Abstract
In the cross-silo federated learning setting, one kind of data partition
according to features, which is so-called vertical federated learning
(i.e. feature-wise federated learning) (Yang et al. 2019), is to apply
to multiple datasets that share the same sample ID space but different
feature spaces. Simultaneously, the image dataset can also be
partitioned according to labels. To improve the model performance of the
isolated parties based on feature-wise (i.e. label-wise) results, the
most effective method is to federate the model results of the isolated
parties together. However, it is a non-trivial task to allow the
participating parties to share the model results without violating the
data privacy of the parties. In this paper, within the framework of
principal component analysis (PCA), we propose a Federated-PCA machine
learning approach, in which the PCA method is used to reduce the
dimensionality of sample data for all parties and extract the principal
component feature information to improve the efficiency of subsequent
training work.

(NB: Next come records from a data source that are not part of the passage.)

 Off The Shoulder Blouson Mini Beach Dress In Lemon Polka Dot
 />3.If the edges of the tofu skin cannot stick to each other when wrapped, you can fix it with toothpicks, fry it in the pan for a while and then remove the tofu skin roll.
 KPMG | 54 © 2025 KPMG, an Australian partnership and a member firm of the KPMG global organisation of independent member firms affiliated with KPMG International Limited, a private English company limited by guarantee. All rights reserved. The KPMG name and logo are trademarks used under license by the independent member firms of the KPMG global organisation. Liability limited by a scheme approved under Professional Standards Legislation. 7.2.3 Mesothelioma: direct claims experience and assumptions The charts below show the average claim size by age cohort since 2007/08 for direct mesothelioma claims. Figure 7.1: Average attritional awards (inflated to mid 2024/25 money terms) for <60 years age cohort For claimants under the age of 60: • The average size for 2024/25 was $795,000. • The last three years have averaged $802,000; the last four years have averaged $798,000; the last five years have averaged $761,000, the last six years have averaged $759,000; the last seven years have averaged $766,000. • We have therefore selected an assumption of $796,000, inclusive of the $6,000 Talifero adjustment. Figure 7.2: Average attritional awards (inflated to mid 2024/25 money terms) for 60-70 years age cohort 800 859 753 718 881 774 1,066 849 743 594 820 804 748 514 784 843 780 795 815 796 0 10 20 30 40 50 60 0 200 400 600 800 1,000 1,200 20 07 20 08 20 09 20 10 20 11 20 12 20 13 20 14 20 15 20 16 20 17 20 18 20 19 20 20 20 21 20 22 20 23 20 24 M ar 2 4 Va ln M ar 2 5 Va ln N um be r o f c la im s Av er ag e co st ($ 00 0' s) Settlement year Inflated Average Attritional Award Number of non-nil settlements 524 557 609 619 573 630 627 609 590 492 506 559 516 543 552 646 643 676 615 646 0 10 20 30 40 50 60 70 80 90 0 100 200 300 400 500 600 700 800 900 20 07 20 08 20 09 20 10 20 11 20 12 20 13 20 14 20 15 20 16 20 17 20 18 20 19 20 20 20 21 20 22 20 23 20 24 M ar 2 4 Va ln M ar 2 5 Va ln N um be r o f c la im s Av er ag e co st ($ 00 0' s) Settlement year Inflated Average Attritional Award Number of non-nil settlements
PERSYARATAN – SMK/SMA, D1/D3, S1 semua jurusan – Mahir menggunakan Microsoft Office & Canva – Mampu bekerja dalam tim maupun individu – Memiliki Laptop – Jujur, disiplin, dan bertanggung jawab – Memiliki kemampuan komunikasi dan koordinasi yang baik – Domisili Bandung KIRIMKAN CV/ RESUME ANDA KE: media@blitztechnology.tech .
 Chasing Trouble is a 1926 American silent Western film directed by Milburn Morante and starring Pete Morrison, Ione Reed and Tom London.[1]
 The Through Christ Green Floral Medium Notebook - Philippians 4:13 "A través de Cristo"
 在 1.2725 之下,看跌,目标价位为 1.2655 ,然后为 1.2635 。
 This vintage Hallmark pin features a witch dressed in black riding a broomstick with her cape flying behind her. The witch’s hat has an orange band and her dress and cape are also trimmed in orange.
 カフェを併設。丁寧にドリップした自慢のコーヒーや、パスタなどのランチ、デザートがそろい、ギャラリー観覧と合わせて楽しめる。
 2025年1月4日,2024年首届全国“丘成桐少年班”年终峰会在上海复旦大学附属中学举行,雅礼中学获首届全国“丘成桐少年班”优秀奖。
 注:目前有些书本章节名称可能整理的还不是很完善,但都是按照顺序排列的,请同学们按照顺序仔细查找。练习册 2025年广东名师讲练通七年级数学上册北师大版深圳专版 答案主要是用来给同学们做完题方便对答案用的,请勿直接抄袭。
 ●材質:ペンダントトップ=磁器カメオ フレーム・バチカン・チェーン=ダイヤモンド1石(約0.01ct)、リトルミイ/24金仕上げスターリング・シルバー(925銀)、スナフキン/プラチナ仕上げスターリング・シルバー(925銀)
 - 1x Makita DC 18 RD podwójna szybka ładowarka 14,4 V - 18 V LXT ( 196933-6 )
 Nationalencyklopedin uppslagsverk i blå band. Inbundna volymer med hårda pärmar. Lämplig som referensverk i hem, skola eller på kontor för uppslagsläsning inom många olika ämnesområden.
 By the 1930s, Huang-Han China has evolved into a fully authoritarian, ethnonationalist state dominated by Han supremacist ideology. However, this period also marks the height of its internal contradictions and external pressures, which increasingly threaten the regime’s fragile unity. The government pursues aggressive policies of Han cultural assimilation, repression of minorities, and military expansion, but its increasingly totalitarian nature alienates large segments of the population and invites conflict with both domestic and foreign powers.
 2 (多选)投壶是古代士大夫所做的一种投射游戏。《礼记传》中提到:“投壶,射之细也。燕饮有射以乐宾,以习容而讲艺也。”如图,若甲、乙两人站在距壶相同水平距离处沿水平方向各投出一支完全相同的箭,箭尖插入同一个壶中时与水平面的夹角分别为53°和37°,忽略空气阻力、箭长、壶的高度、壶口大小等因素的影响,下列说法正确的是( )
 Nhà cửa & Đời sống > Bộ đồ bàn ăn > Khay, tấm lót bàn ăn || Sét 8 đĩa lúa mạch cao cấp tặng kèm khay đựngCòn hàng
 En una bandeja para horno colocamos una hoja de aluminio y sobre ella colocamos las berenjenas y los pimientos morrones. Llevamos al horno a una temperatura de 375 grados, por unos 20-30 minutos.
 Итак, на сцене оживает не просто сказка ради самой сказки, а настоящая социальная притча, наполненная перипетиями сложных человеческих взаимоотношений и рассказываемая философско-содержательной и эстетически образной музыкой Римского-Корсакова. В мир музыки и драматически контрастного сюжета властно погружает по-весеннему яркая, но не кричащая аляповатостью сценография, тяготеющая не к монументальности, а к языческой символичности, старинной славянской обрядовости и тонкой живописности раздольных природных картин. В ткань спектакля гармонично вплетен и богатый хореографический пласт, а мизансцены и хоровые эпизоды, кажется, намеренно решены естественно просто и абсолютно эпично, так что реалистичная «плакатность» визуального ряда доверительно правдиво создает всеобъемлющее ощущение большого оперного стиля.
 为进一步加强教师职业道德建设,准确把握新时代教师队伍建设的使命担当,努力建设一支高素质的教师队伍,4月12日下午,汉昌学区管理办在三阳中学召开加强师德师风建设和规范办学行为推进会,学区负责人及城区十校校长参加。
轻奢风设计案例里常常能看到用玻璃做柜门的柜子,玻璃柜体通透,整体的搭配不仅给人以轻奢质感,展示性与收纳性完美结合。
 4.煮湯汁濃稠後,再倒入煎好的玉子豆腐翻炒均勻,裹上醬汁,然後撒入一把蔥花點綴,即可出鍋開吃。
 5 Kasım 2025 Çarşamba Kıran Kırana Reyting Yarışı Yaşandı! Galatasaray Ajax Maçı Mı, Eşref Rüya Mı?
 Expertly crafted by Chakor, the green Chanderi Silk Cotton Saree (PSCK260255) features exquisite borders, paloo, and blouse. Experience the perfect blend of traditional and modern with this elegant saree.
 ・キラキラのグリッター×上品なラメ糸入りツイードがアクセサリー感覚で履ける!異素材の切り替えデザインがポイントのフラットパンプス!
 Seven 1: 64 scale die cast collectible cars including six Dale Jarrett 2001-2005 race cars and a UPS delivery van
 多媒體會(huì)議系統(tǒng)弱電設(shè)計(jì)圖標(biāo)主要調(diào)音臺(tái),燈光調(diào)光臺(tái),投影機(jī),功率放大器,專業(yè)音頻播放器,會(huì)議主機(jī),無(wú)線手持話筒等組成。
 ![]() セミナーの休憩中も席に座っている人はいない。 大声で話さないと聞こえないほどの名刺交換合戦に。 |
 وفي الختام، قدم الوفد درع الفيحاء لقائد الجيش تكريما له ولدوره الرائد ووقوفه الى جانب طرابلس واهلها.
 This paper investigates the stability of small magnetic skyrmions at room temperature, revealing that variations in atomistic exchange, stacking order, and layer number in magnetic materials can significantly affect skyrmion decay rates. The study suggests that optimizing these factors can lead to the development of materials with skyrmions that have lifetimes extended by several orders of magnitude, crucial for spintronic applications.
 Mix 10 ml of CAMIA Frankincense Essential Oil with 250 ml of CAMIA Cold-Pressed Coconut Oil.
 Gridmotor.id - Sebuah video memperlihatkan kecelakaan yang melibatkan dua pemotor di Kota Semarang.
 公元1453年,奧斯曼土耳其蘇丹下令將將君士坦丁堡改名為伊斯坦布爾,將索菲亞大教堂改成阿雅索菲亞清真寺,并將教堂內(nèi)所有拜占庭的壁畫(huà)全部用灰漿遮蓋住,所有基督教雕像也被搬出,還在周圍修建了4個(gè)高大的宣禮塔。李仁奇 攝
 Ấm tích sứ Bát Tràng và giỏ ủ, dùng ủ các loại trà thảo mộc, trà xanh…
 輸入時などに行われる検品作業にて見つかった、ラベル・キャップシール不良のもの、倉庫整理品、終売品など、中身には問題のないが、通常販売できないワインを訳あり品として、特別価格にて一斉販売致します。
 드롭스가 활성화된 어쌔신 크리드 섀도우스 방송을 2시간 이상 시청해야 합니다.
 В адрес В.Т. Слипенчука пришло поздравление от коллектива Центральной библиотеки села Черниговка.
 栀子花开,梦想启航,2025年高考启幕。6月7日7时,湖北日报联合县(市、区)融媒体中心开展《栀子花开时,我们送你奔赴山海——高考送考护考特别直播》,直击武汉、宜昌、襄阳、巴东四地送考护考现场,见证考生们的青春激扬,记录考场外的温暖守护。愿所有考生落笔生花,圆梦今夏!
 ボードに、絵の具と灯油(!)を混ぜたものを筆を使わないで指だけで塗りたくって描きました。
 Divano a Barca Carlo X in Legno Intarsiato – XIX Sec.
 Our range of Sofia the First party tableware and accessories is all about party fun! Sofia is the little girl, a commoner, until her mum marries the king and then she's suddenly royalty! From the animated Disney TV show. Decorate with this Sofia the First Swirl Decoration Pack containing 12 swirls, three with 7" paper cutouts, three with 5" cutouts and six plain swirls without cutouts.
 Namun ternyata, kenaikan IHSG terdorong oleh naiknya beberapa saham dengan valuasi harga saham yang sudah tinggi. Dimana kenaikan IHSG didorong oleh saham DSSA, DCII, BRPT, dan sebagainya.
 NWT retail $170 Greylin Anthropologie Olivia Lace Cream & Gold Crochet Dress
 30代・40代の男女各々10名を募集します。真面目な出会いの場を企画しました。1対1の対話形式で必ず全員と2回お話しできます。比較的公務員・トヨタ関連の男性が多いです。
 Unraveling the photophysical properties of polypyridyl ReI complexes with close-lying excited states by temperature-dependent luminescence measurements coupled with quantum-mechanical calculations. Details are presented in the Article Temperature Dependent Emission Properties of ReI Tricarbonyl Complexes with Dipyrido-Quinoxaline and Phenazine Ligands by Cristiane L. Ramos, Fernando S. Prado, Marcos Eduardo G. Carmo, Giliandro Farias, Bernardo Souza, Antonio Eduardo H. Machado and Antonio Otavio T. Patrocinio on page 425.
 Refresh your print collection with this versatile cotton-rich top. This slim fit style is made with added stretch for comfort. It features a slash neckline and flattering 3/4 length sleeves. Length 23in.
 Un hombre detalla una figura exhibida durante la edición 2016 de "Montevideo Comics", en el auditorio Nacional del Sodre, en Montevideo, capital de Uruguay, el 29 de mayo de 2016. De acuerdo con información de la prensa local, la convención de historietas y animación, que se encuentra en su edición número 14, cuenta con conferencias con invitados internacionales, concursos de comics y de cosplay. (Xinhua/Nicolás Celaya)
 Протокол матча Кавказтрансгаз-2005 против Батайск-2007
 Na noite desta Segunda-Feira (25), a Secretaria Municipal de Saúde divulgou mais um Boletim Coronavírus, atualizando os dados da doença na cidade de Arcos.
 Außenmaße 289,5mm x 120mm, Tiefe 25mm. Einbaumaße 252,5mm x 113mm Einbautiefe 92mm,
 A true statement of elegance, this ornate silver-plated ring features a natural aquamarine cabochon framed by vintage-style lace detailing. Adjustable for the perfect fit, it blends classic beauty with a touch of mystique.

This process will not reveal the original data
information of each party. The federal system can help each side build a
common profit strategy. Under this federal mechanism, the identity and
status of each party are the same. By comparing the federated results of
the isolated parties and the result of the unseparated party through
multiple sets of comparative experiments, we find that the experimental
results of these two settings are close, and the proposed method can
effectively improve the training model performance of most participating
parties.